The pairwiseAlignment() function have a problematic way of handling empty sequences illustrated by this toy example:

library(Biostrings)

seq1 <- DNAString('ATCG')
seq2 <- DNAString('')

tmp <- pairwiseAlignment(seq1, seq2)
class(tmp)
[1] "PairwiseAlignmentsSingleSubject"
attr(,"package")
[1] "Biostrings"

tmp
Global PairwiseAlignmentsSingleSubject (1 of 1)
Error in rep(" ", patternSpaces) : invalid 'times' argument
In function (object)  : NaNs produced

My inituition would be that pairwiseAlignment it simply repported no overlap and a score of NA.

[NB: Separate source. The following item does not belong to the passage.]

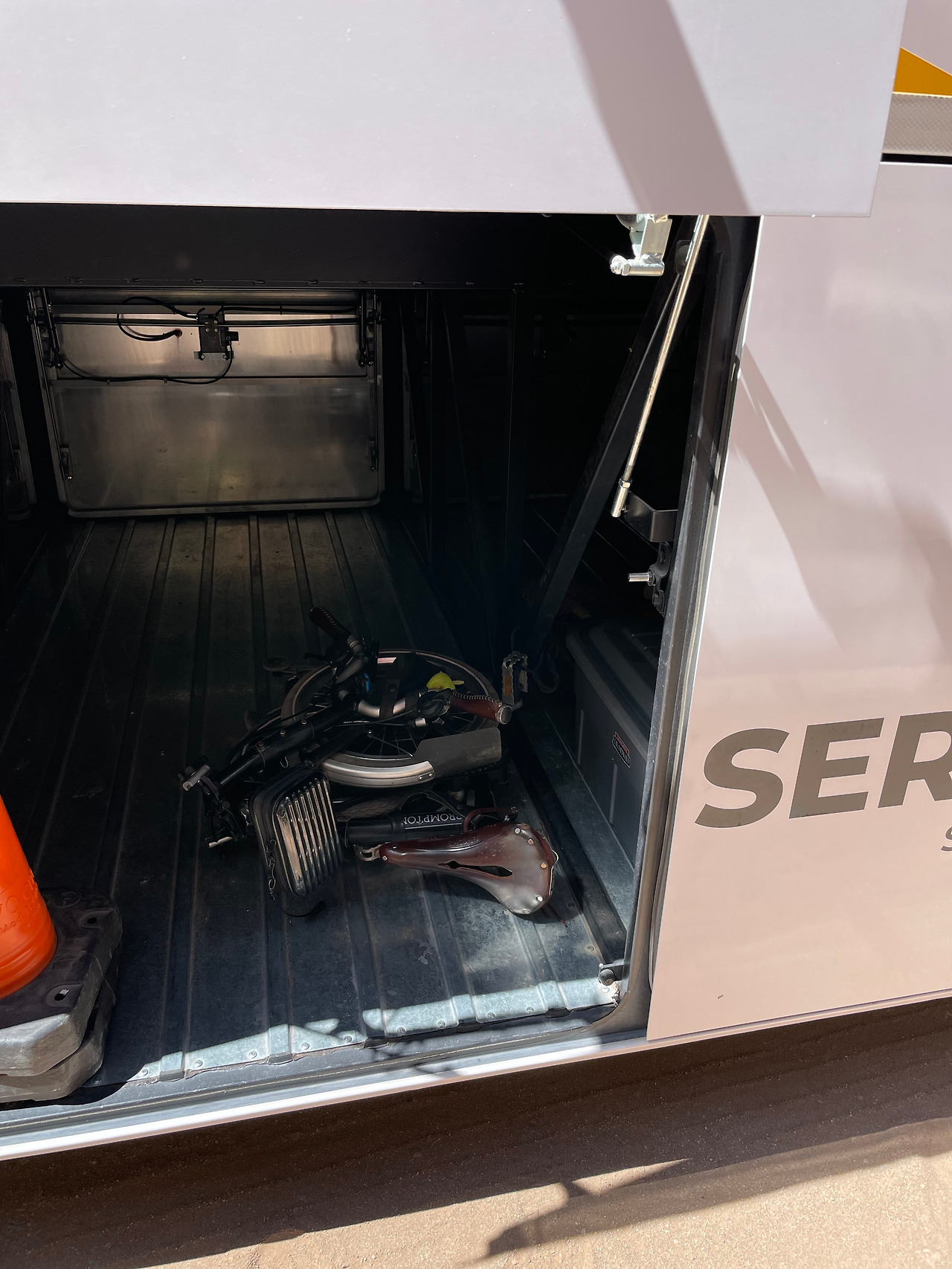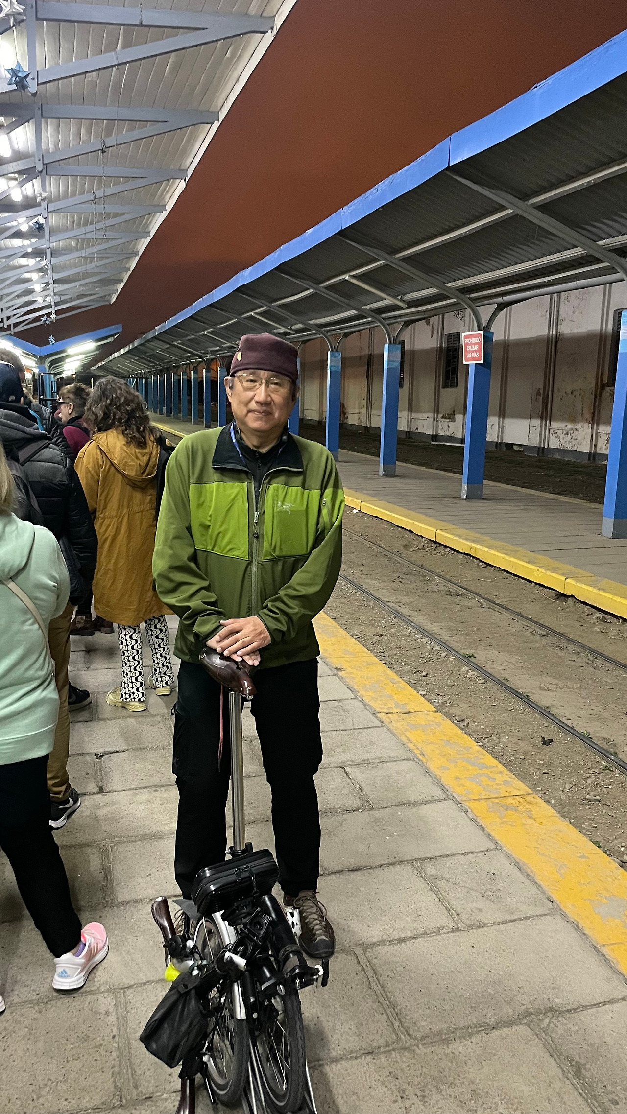 고산열차 출발지(좌측), 버스 짐칸 브롬톤(가운데), 현지 가이드 마테차(우측)

Btw this error crashes RStudio-

biostrings • 666 views
0
Entering edit mode

Hi Kristoffer,

This error crashes my R session (and I'm not using RStudio, just R at the Unix command line in a terminal). Will investigate. Thanks for the report.

H.

0
Entering edit mode
@herve-pages-1542
Last seen 11 hours ago
Seattle, WA, United States

Hi Kristoffer,

Sorry that it took so long but this was a low-priority issue. It should be fixed in Biostrings 2.47.3:

library(Biostrings)
pattern <- DNAString("ATCG")
subject <- DNAString("")
pairwiseAlignment(pattern, subject)
# Global PairwiseAlignmentsSingleSubject (1 of 1)
# pattern: [1] ""
# subject: [1] ""
# score: -26 

The score of -26 reflects the cost of the gap introduced by the full deletion required to globally align "ATCG" to "". Given that the default values of gapOpening and gapExtension are 10 and 4, respectively, the cost of this gap is gapOpening + 4 * gapExtension = 26.

Biostrings 2.47.3 should become available via biocLite() to Bioconductor devel users in the next 48 hours or so.

Cheers,

H.